Zaman Tasarrufu
Eski yıllara…
Çok değil yarım asır öncesine kadar dönecek olursak her insan birbirini dinlemeye, anlayış göstermeye ya da sabır etmeye vakit ayırabiliyordu.
Çocuklarımız kendilerince oyunlar keşfeder gün boyunca onlarla eğlenirlerdi. İnsanlar basit şeylerle mutlu olurlar, birlik ve beraberlik içerisinde hayatlarını sürdürmeye devam ederlerdi.
Ne oldu bugüne?
Büyüklerin söyledikleri gibi “Nerede o eski bayramlar?”. Aslında hepsi yerli yerinde sadece bizim onlarla uğraşacak vaktimiz kalmadı(!)
Yıllar evvelinde köyden şehre göçler başlayınca insanların artık kendilerine çok fazla vakit ayırma şansları kalmadıklarını düşündü ve bu şans gün geçtikçe de azaldı. Çoğu insan ailelerini huzur evlerine yerleştirdi.
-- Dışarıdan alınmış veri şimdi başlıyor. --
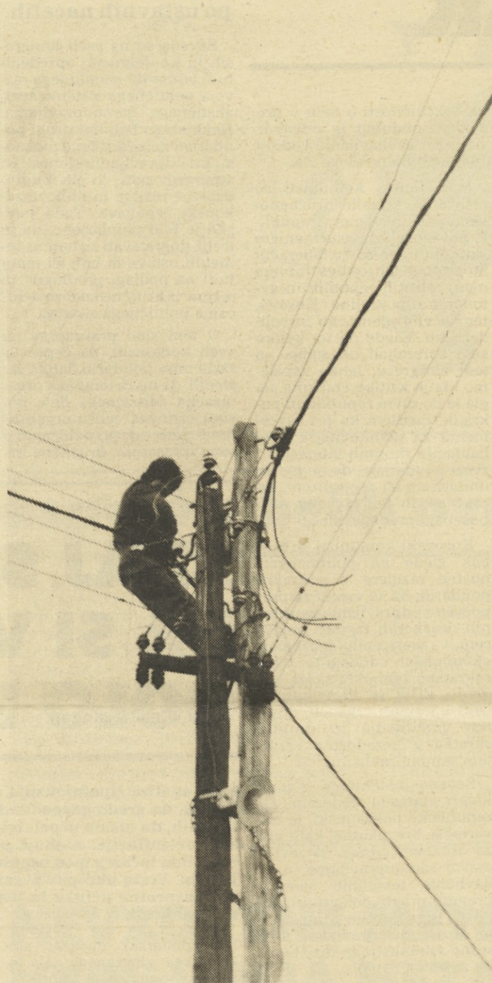
Slaba telefonska zveza

stavi, ki imajo po svoji politični moči zelo tehten vpliv. Toda opozoril je, da je moč zaznati strmo padanje sodelovanja ljudi pri presoji nekaterih kandidatov za vodilne funkcije na republiški in zvezni ravni. Delež tistih ljudi, ki izjavljajo, da nimajo vpliva pri določanju kandidatov za vodilne funkcije na ravni republike in federacije, da niso v igri, je visok in se giblje okoli treh četrtin anketiranih. Ta podatke jasno kaže na veljavo delavcev in občanov pri določitvi o tem, kdo bo stal na vrhnjih stopnicah naše družbene organiziranosti, kajti bolj ko gremo proti vrhu, bolj plahni ta vpliv. Kot opozorilo velja vzeti Markičevo razmišljanje, da če kandidate za najpomembnejše družbene funkcije izberejo pretežno v kadrovske telesih, potem pomeni za temeljno družbeno raven to imenovanje, ne pa svoj vpliv in odločanje. Seveda ob sorazmerno mahnem vplivu ljudi na kandidiranje čelnih delegatskih dolžnosti brzokone drži, da lahko, če so rešitve skuhane v ozkem krogu, pridejo kaj hitro v skušnjavo, čutijo se odgovorne središčem političnega odločanja, to je tistim, ki so jih uspešno spravili skozi vse postopke.
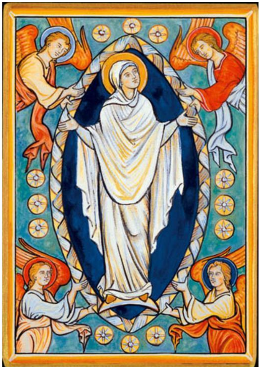
L'Assomption de la Vierge Marie (Bénédictines de l'Abbaye Notre-Dame-de-Fidélité, Jouques)
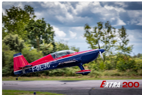
Extra 200

Bazıları hiç arayıp sormadı bile.
Neydi aramıza sokulan bu soğukluk?
Zaman tasarrufu, evet, her insan bunu yapmak istedi.
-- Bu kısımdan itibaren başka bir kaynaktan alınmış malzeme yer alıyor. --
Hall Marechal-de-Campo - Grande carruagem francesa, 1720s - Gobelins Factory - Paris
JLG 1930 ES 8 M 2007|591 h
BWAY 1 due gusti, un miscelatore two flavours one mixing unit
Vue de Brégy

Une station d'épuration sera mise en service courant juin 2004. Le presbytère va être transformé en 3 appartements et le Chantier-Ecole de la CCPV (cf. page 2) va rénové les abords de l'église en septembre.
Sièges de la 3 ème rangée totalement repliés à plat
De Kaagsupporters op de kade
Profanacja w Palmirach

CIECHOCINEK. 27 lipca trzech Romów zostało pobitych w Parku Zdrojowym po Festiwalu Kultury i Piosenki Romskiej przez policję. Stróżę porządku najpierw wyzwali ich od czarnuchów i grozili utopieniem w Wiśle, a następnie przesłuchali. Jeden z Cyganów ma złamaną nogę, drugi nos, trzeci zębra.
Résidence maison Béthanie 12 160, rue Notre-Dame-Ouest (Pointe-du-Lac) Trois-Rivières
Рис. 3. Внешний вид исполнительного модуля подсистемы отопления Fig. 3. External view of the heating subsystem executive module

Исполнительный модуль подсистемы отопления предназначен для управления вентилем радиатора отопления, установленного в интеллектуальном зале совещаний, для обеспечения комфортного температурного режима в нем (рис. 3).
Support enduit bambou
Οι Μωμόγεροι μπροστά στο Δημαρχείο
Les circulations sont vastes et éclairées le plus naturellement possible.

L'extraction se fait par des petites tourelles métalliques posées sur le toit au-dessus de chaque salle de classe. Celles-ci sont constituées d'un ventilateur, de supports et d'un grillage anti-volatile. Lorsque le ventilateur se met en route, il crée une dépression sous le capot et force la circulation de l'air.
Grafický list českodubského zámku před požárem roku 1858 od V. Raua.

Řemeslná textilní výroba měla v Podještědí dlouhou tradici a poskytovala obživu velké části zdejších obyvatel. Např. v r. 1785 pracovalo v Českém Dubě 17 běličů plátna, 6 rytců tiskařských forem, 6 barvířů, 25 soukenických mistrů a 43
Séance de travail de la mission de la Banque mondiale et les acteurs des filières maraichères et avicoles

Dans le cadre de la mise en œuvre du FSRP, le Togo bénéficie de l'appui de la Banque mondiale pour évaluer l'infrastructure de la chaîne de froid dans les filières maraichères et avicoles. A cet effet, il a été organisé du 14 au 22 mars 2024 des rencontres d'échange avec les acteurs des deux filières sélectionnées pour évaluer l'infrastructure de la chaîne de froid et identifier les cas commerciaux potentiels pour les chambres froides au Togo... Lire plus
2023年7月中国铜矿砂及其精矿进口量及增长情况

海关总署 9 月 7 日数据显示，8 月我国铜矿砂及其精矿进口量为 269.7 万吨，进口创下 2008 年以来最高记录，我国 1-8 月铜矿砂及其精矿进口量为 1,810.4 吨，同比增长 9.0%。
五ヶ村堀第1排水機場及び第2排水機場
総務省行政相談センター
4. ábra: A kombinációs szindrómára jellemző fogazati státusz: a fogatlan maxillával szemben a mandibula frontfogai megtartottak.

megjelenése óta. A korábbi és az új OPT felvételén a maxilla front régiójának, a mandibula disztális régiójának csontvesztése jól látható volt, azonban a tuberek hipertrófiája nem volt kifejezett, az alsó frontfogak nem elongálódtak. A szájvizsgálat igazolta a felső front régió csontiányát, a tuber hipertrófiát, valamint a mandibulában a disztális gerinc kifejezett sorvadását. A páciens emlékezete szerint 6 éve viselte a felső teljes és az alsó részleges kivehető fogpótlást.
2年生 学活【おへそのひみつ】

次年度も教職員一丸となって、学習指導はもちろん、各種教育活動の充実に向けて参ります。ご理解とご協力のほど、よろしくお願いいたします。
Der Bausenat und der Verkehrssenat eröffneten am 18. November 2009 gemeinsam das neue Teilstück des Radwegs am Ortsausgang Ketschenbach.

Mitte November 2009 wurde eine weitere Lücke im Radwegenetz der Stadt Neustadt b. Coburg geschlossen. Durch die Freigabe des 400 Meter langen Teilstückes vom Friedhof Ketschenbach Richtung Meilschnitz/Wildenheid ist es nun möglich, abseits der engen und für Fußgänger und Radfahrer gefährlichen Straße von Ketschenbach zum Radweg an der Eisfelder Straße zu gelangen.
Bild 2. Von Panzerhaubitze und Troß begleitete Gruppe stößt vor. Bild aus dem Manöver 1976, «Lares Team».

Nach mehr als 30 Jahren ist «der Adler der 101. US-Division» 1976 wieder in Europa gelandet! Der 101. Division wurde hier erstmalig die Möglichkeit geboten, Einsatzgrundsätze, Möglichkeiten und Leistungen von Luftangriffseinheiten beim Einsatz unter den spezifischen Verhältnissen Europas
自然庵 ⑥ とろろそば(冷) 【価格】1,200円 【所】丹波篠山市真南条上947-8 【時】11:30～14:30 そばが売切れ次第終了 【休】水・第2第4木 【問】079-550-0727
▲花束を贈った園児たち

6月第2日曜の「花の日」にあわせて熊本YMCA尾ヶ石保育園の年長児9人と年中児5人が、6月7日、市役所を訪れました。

Perdenin arkasındaki sebep buydu. İnsan, işlerini hemen halledip kalan zamanını kendisine ayırmak için kullanmayı hedeflemişti. Bunu kendi ömrüne ve yaşadığı günlere yaymıştı. Bunu bir hayat felsefesi haline getirmişti.
Sabah uyanayım, hazırlanıp kahvaltımı yapayım, işe gideyim, işim bitince tekrar eve döneyim biraz televizyon izleyip yatayım ve tekrar aynı rutin. Çalışayım, para kazanayım, ev alayım durmadan tekrar çalışıp para kazanayım, bu sefer araba alayım, biraz daha çalışıp bir yazlık…
İnsanoğlu aslında bunları yaparken ömründen ömür gittiğinin, biriktirmek istediği zamanı bile harcadığının farkına varamadı.
Çocuklar…
Düşünme yetilerini kaybetti.
Her gün özgün oyunlarını yaratarak apayrı dünyalara dalan bu çocuklar şimdilerde bilgisayarın başında üretilenleri oynamaya başladı.
Gelecek için üretemeyen yeni bir nesil yeterince de tehlikeli değil mi?
Ve insanlar farkında olmadan kapitalist sistemin de dolaylı yoldan kölesi oldular. İş güçleri, onlara iş verenler tarafından belirli bir ücret karşılığında sömürülmüş ve patronlar kazancını katlarken çalışanlara fazla iş az para mantığıyla davranmıştır ve bu sistem hala devam etmektedir.
İnsan geleceğini düşünmeli fakat bu işi dozunda yapmalıdır.
Kendisine vakit ayırmaktan kaçınmamalıdır.
Burada sizin değerli vaktinizi gereksiz olarak nitelendirdiğimiz işlerden uzak bir şekilde kullanmanız zaten sizin için en iyi tasarruf olacaktır.
Özetle akıp giden zaman olduğu için bunun kıymetini bilmeliyiz ve anı yaşamalıyız fakat bu zamanı dikkatle harcamalı gereksiz işlerde kullanmamalıyız.
Seneca’nın da dediği gibi “Mutluluk başarıya, başarı ise zamanı değerlendirmeye bağlıdır”.